Chimeric antigen receptor–macrophage (CAR-M) therapy leverages the intrinsic tropism of macrophages toward sites of infection and their phagocytic and antigen-presenting capacities. Preclinical studies have demonstrated that engineered CAR-M cells can selectively target pathogens for clearance while modulating the immune microenvironment through cytokine secretion (e.g., IFN-γ), thereby exerting both antimicrobial and immunomodulatory effects (Kang et al., 2021; Song et al., 2022)(see Figure 2). In experimental sepsis models, engineered macrophages have been shown to fine-tune TLR4 signaling and other innate immune signaling pathways, effectively clearing pathogens while minimizing collateral inflammatory injury (Lin et al., 2021; Song et al., 2022). Despite these promising findings, CAR-M therapy faces several challenges, including complex manufacturing processes, high production costs, and concerns regarding the persistence, stability, and phenotypic plasticity of the engineered cells within the dynamic in vivo immune environment (Cajander et al., 2024; Chen et al., 2023). To address these limitations, the development of induced pluripotent stem cell (iPSC)-derived CAR-M cells (CAR-iMacs) has emerged as a potential “off-the-shelf” solution that could reduce production time and cost while enhancing scalability (Chin and Elisseeff, 2022; Su et al., 2022). Future research should prioritize improving the functional stability and adaptability of CAR-M therapies in the complex immunological milieu of sepsis and exploring their integration with complementary technologies, such as nano-immunomodulators and bioengineered delivery platforms, to enable safe and effective clinical translation (Feng et al., 2025; Giamarellos-Bourboulis et al., 2024; Liu et al., 2025).

However, the application of chimeric antigen receptor–macrophage (CAR-M) therapy in sepsis remains largely theoretical and faces substantial translational challenges. The principal limitations include the complex and costly ex vivo manufacturing process, the risk of off-target activity or excessive inflammatory responses, and the complete absence of clinical safety or efficacy data in septic patients. Most critically, the time required for the generation of autologous CAR-M cells is fundamentally incompatible with the acute, rapidly evolving course of septic shock. Although “off-the-shelf” platforms such as CAR-induced macrophages (CAR-iMacs) present a potential solution, their stability and therapeutic efficacy within the dysregulated immune environment of sepsis remain unverified. For broader clinical applicability, alternative cell-based approaches—such as mesenchymal stromal cells (MSCs), which exhibit pleiotropic immunomodulatory properties and are already under evaluation in advanced clinical trials—may represent a more immediately feasible option (Ye et al., 2024). Future investigations must rigorously address these challenges before CAR-M therapy can be considered a viable therapeutic strategy.

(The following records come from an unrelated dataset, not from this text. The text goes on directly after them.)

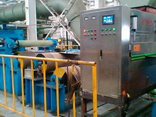 2007年公司通過引進國外先進的靜電涂裝技術,結合國內各類中小型金屬板(帶、絲)冷軋機組的實際應用情況,成功的研發出XCTZ-3型系列金屬板(帶)冷軋靜電涂油機、XCTZ-H101焊絲靜電涂油機、XCTZ-D刀帶靜電涂油機,其高壓力微流量雙流體霧化靜電涂油技術已在國內處于領先地位.每平米0.3克(單面)的涂油量已在實際應用中得到滿意的效果.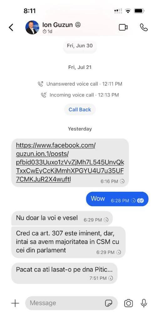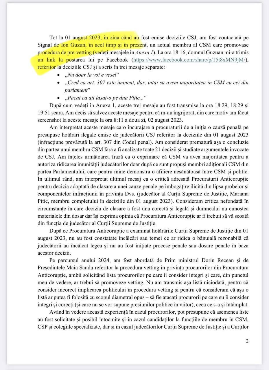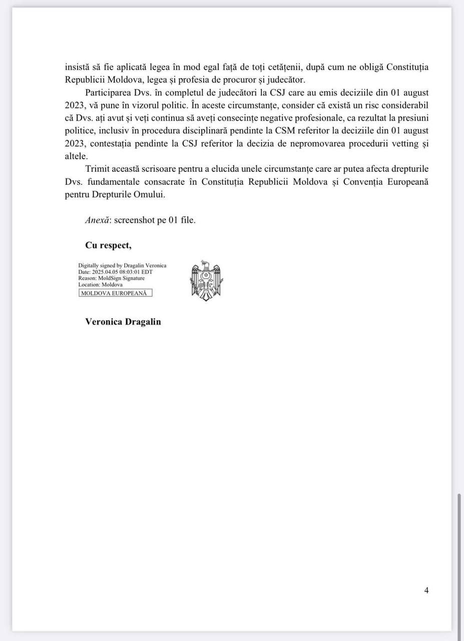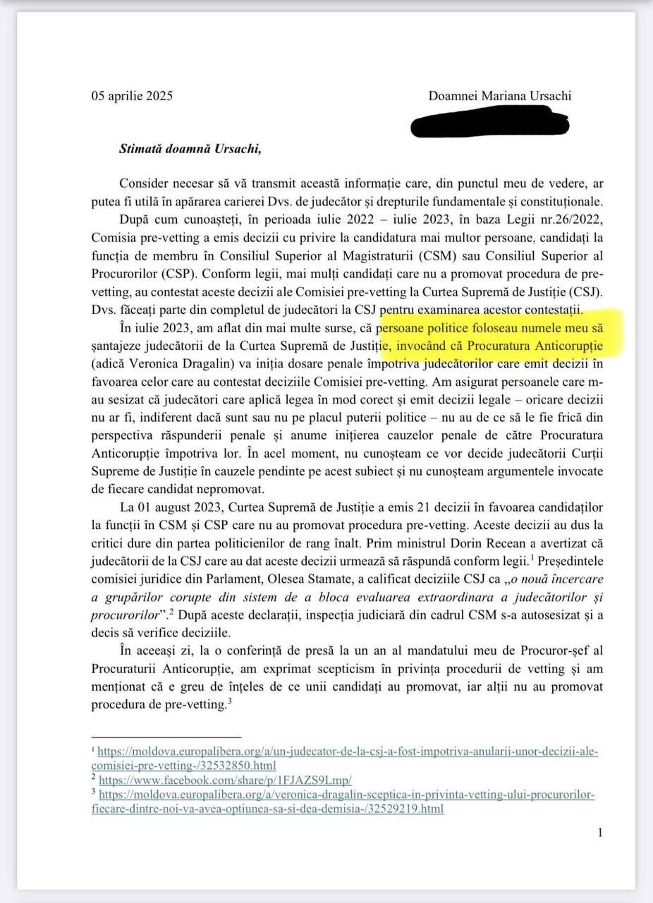 Scrisoarea, prezentată de avocata Cristina Ciubotaru, scoate la iveală posibile imixtiuni politice directe în procesul de evaluare a procurorilor și judecătorilor. Potrivit documentului, membrul CSM Ion Guzun i-ar fi transmis Veronicăi Dragalin că majoritatea „ascultătoare” din Consiliu va fi asigurată de Parlament.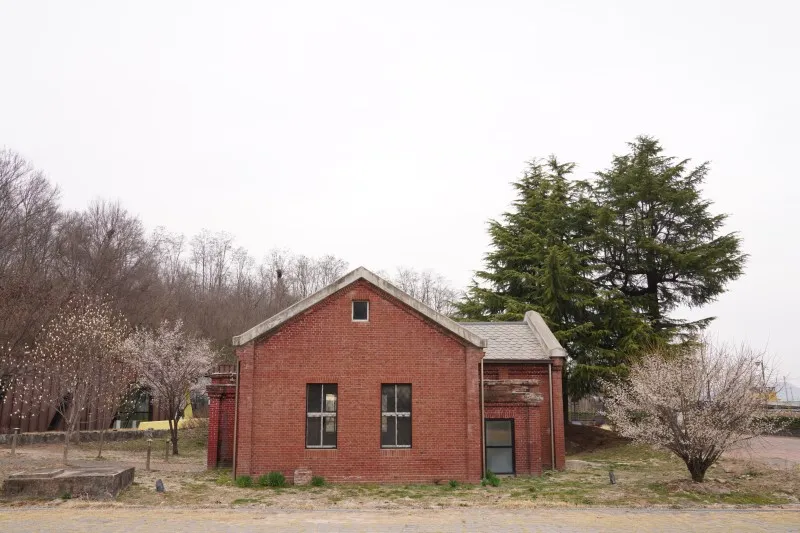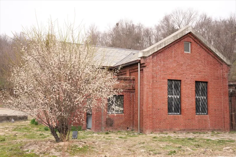 삼례양수장 동쪽에 있는 2개의 집수정에서 물을 끌어와 위쪽에 있는 정수장으로 올려주는 역할을 했습니다. 근대 상수도 시설로 역사적 가치가 인정되어 등록문화재로 지정되었습니다. 붉은색 벽돌 건물 앞에 활짝 핀 매화가 잘 어울립니다.

A paramount challenge for autologous CAR-M therapy in sepsis is the stark mismatch between production timelines and disease kinetics. The conventional process—isolating a patient’s monocytes, genetically engineering them, expanding the CAR-M population, and validating their safety and function—is a protracted endeavor, typically spanning several weeks. This timeline is fundamentally incompatible with the management of septic shock, where the critical window for intervention is measured in hours to days. Consequently, the clinical feasibility of CAR-M therapy for acute sepsis is entirely contingent upon the development of a rapid, ‘off-the-shelf’ approach. This reality underscores the critical importance of advancing allogeneic platforms, such as those utilizing iPSC-derived CAR-iMacs. These cells can be pre-manufactured, quality-controlled, and banked for immediate administration, analogous to the use of frozen plasma or packed red blood cells in a transfusion service, thereby bridging the temporal divide between sophisticated cell engineering and emergent clinical need.

Recent advances have further propelled progress in this field. Notably, the development of “signal-switch” chimeric antigen receptor–macrophages (CAR-Ms), which can dynamically modulate their inflammatory activity in situ, represents a substantial step toward safer and more adaptable cellular therapies for complex inflammatory conditions such as sepsis (Cao et al., 2025).